A cash conscious culture is vital for working capital management in the current climate, explains Chloe Salter.
Effective working capital management has always been a business fundamental. Now, more important than ever. As a result, many businesses are now managing receipts and payments more tightly and reviewing cashflow more regularly. In the short term, smarter working capital management like this will boost liquidity, could reduce the requirement for short-term funding and will help insulate the business against ongoing uncertainty. Long term, it will be key to restoring performance and maximising funds to capture future opportunities.
However, it’s not certain that good practices will last beyond the immediate crisis. Initiatives to improve working capital management often fade without any lasting impact. Teams slip back into bad habits and efforts to embed a cash conscious culture fail. As a result, CFOs must return to the issue again and again, when they would no doubt prefer to be focusing on other initiatives.

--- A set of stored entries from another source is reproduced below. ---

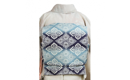 - 車いす用 着物レンタル 3日間 <小紋:淡いピンク色縦縞模様 太鼓帯:青色 草花文(草履付き)> │ キモノ 帯 セット レンタルサービス 車椅子 成人式 卒業式 七五三 婚礼 茨城県 つくば市
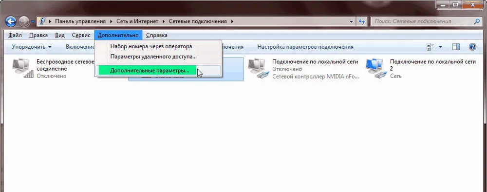 Слева в верхнем углу "Изменение параметров адаптера".
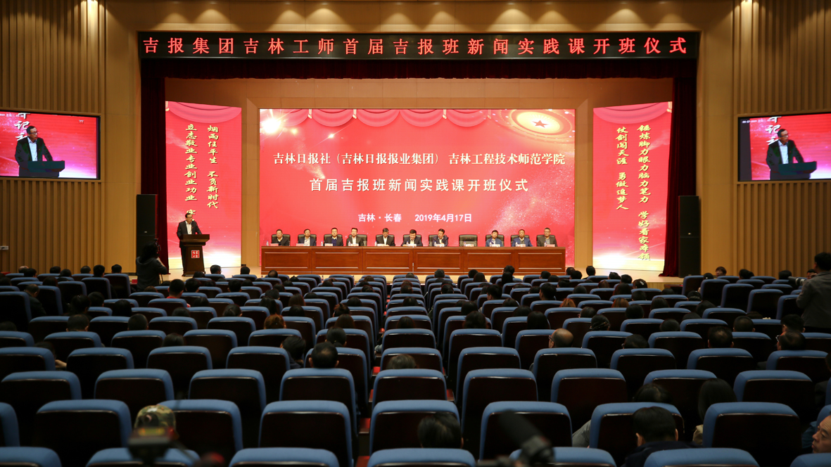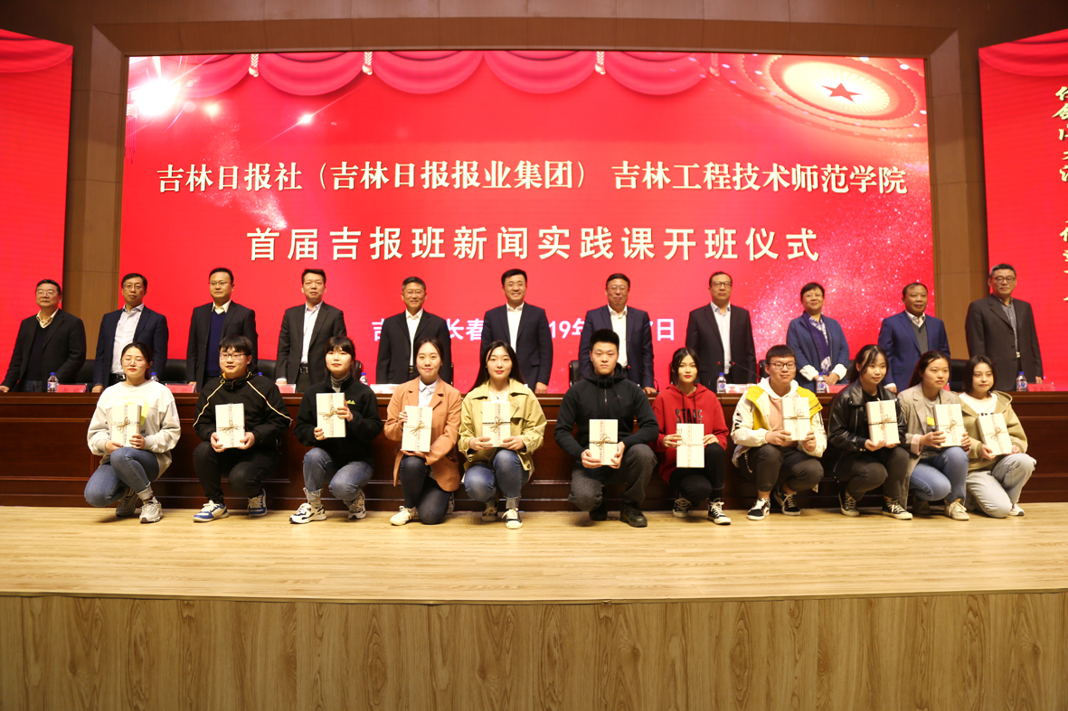 参加开班仪式的领导和嘉宾共同为学生颁发实习手册、实习记者证和纪念章。吉报班学生展示了精彩的才艺表演。
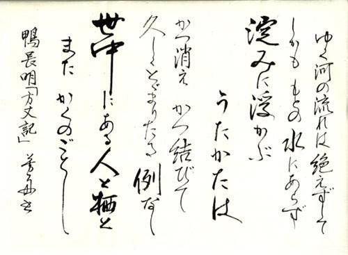 『行く川のながれは絶えずして、しかももとの水にあらず。よどみに浮ぶうたかたは、かつ消えかつ結びて久しくとどまることなし。。。』
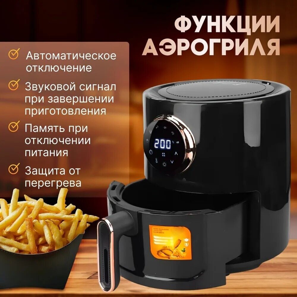 Аэрогриль электрический/Аэрофритюрница электрическая/объем 5.5 л /6 автоматических программ/для кухни 1350 Вт/черный интересное:
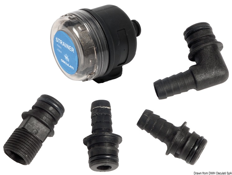 4-membransystemet förhindrar de pulsationer som vanligen förekommer i de andra färskvattenspumparna med en halvöppna kran. Levereras med 4 st anslutningar (2 x 1/2 "gängor och 2 x 14 mm slang adaptrar) och inloppsfiltret,
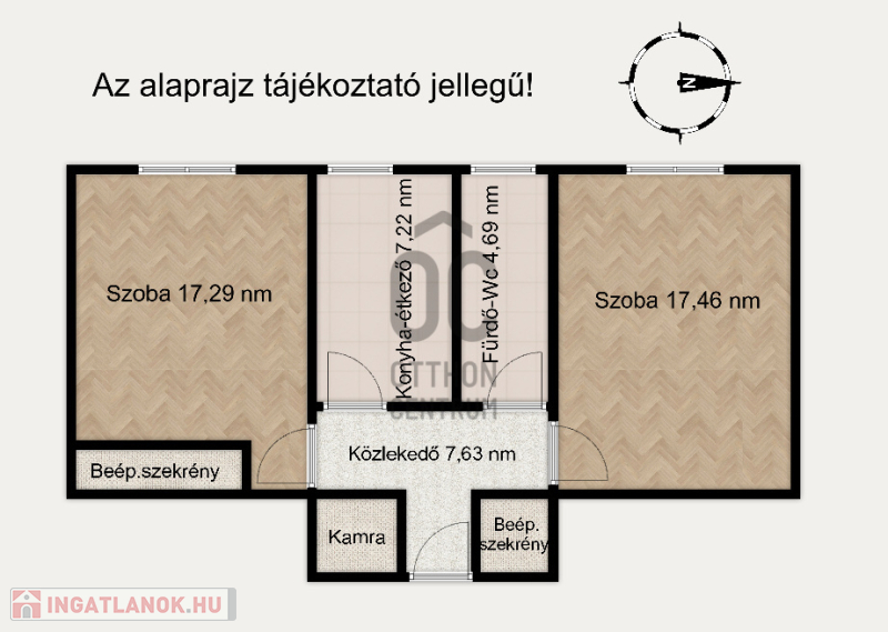 Az ingatlanban 2 különnyíló szoba, konyha-étkező, fürdőszoba- Wc, közlekedő helyiségek találhatóak, illetve több beépített szekrény biztosítja az optimális helykihasználást és tartozik egy önálló és egy közös használatú tároló is a lakáshoz.

So, what can be done to make sure current improvements to working capital management last? The key lies in embedding the right behaviours across the whole business, not just in Finance. In other words, creating a “cash conscious culture”. Here are five priorities for making a cash conscious culture stick:
1 Set the right working capital management tone from the top
Embedding a cash conscious culture must be an organisation-wide endeavour, not just a concern for the finance team. That means the ambition to change working capital management attitudes needs to be driven and supported from across the top tier. Engage the whole senior management team in the mission to manage with a greater focus on cash and make that senior-level support very visible.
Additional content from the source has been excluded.